Trials conducted in the environments with many obstacles

If the massive-element AAS transmits beams to each mobile handset that is adjacent to another in an environment with many obstacles, the beams interfere with each other and communication quality will be degraded. It is also difficult to utilize the multi-path of its own signals because they come from different direction due to a reflection or a wrap-around caused by buildings, columns, etc.

Prior to commercialization, these issues need to be resolved. NEC verified that the low-SHF band-compatible massive-element AAS would be able to provide the communication quality required for 5G in such environments.
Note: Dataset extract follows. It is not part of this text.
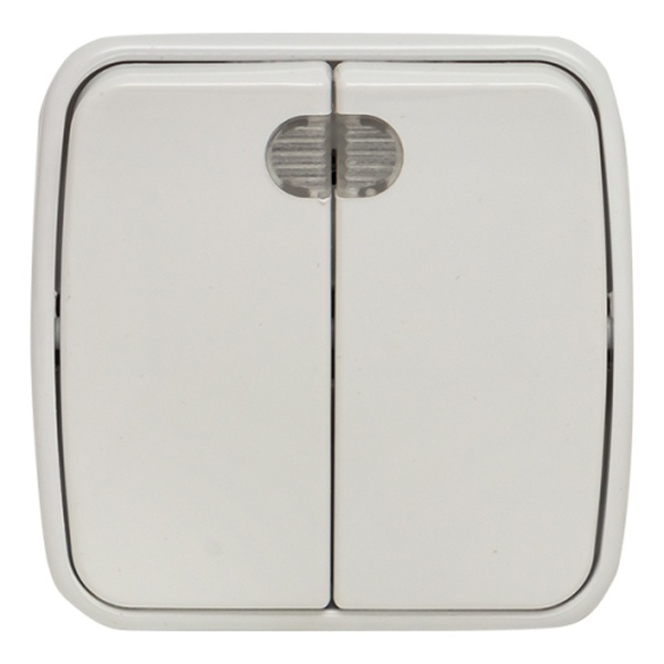 Настенный 2-клавишный электрический выключатель с индикацией белый ЕКФ IP20 открытой установки EGV10-123-10

The low-SHF band-compatible massive-element AAS
Trial in Shibuya Ward

NEC's low-SHF band-compatible massive-element AAS adapts fully-digitized antenna beam control technology, which improves the precision of beam forming. While transmitting beams to the target mobile handsets, it is capable of forming beams that counteract interfering signals using the multi-path. It can also form beams that improve communication quality by efficiently combining the multi-path of its own signals with the direct waves.

Improving spectral efficiency and making it large capacity / improving communication quality

The trials demonstrated that by applying the characteristics of NEC's low-SHF band-compatible massive-element AAS, an appropriate beam could be formed for each mobile handset even though they are close together. This enabled concurrent communication with several handsets while maintaining high communication quality. The trials also verified that spectral efficiency was reliably maintained at a level roughly eight times(Note 1) higher than that achieved by LTE in indoor environments.

In these trials, NEC was able to verify that Massive MIMO technology improved spectral efficiency, achieved high-capacity, and enhanced communication quality.

NEC will continue with its technology development and verification trials for the commercialization of 5G.

Check here to see a video of the verification trials.

Low SHF band-compatible massive-element Active Antenna System (AAS) 5G field trial

Note 1:Comparing with 2 spatial multiplexing in LTE, as of February 20, 2017, based on NEC research.

This technical article includes a part of results of "The research and development project for realization of the fifth-generation mobile communications system" commissioned by The Ministry of Internal Affairs and Communications, Japan.